Don't want to mess with volumes? Take a snapshot of the broken root volume, launch a new instance from an older AMI, then copy your data over. This is the nuclear option — you lose any system-level customizations. Only do this if the recovery instance approach sounds too complex or you don't have time. A snapshot preserves your data, so you can still grab files later.

Prevention tip

Block automatic kernel updates. On Amazon Linux 2, run:

sudo yum update --security --exclude=kernel*

And pin the kernel in /etc/yum.conf with exclude=kernel*. Do updates manually: yum update kernel* when you're ready to reboot. On Ubuntu, hold the kernel package with apt-mark hold linux-image-$(uname -r) and only upgrade kernels in test instances first. Also enable the EC2 Serial Console before you need it — it's a lifesaver when things go sideways.
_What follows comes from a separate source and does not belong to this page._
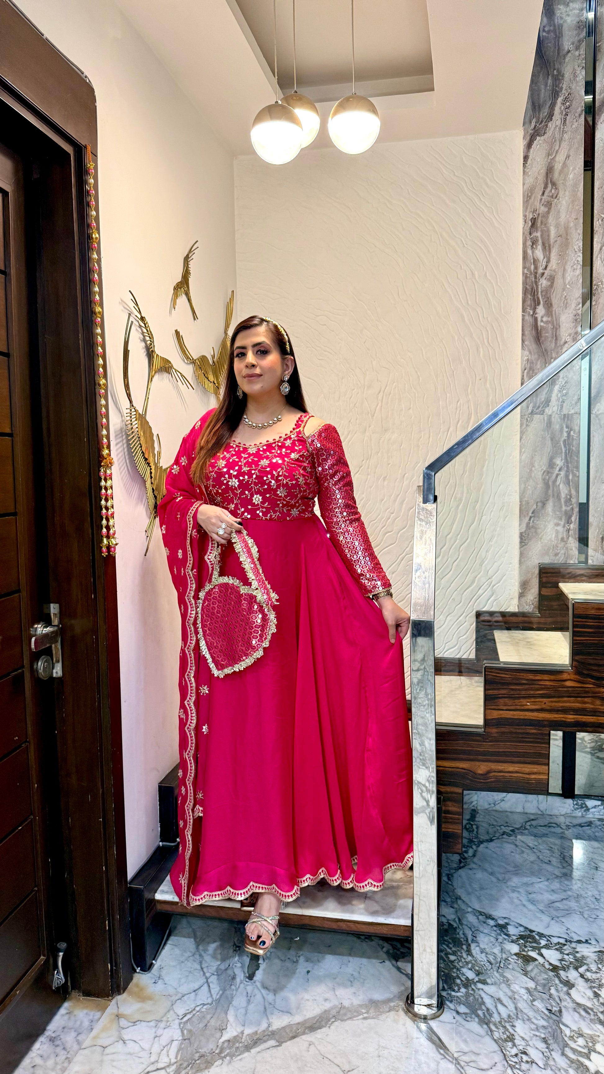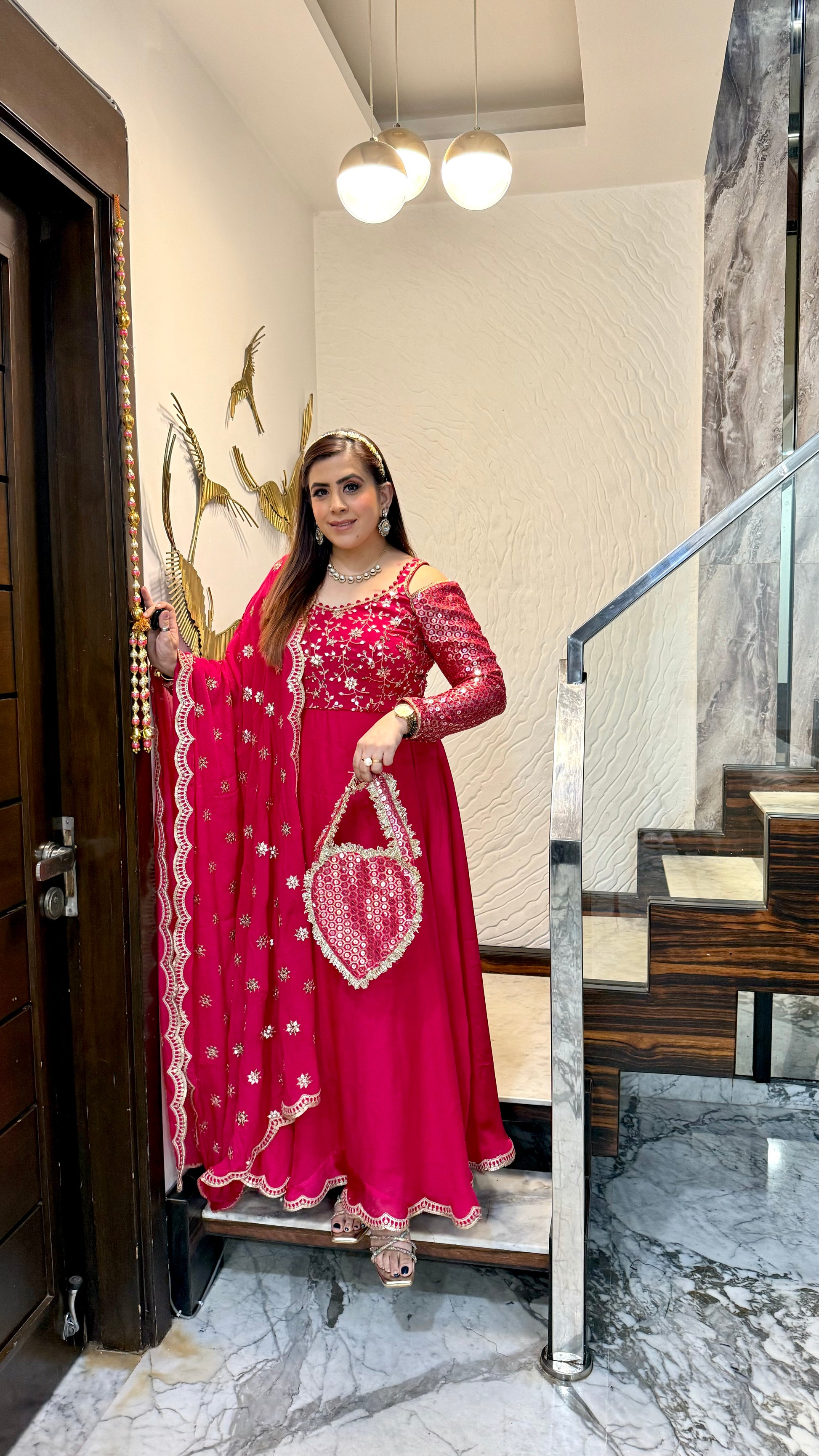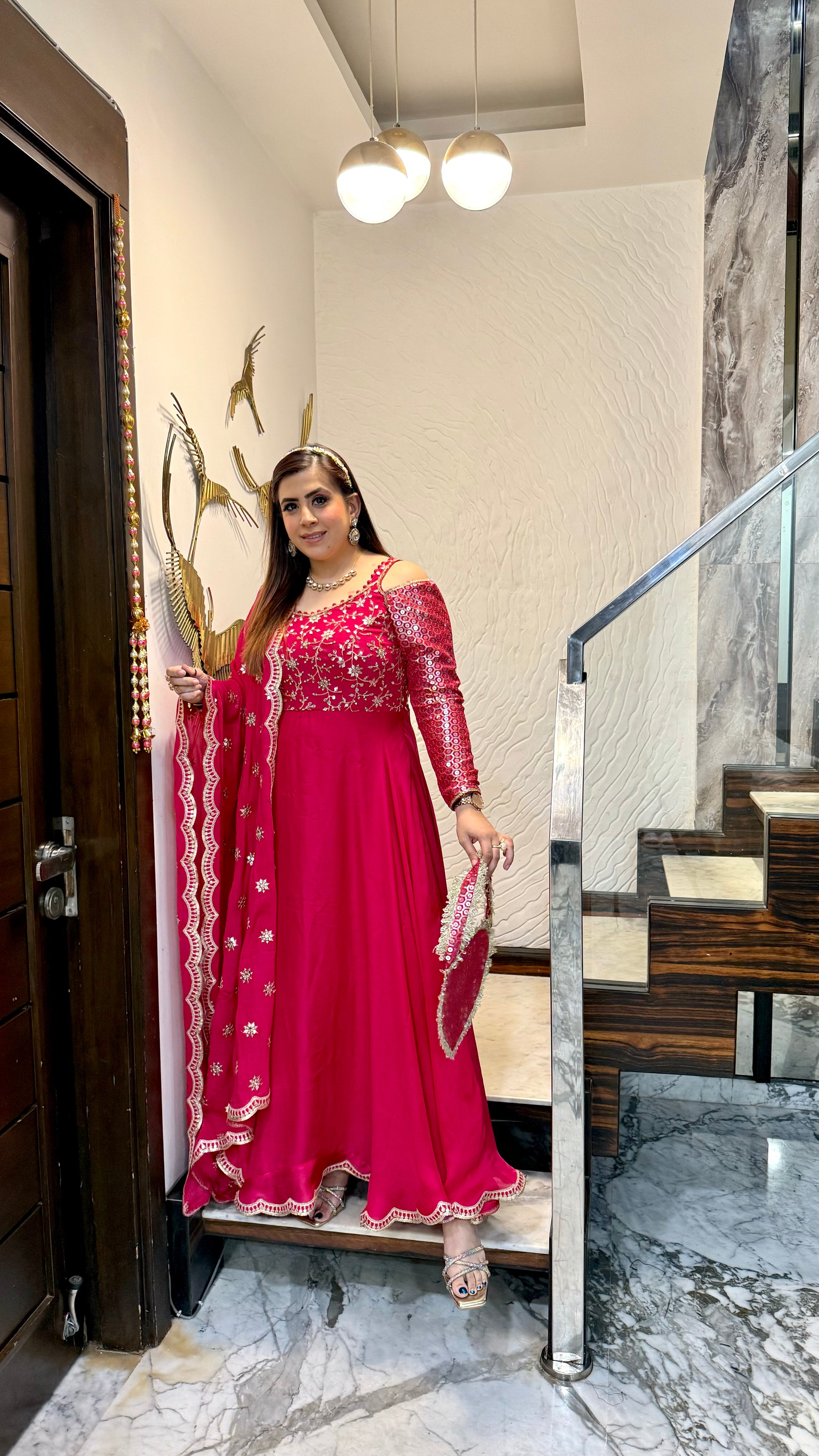 The MBM Karva Chauth Anarkali is a stunning red outfit adorned with intricate golden embroidery 🌟. Featuring an elegant dupatta with floral motifs 🌸, it's perfect for festive celebrations 🎉. |

The root cause of most reboot loops after kernel updates on EC2 is that you're running a kernel that the instance's underlying hardware (especially Nitro-based types like t3, m5, c5) doesn't support without the right modules baked into the initramfs. Always rebuild the initramfs before rebooting if you manually compile or install a kernel. That's the step everyone skips, and it's what gets you into this loop.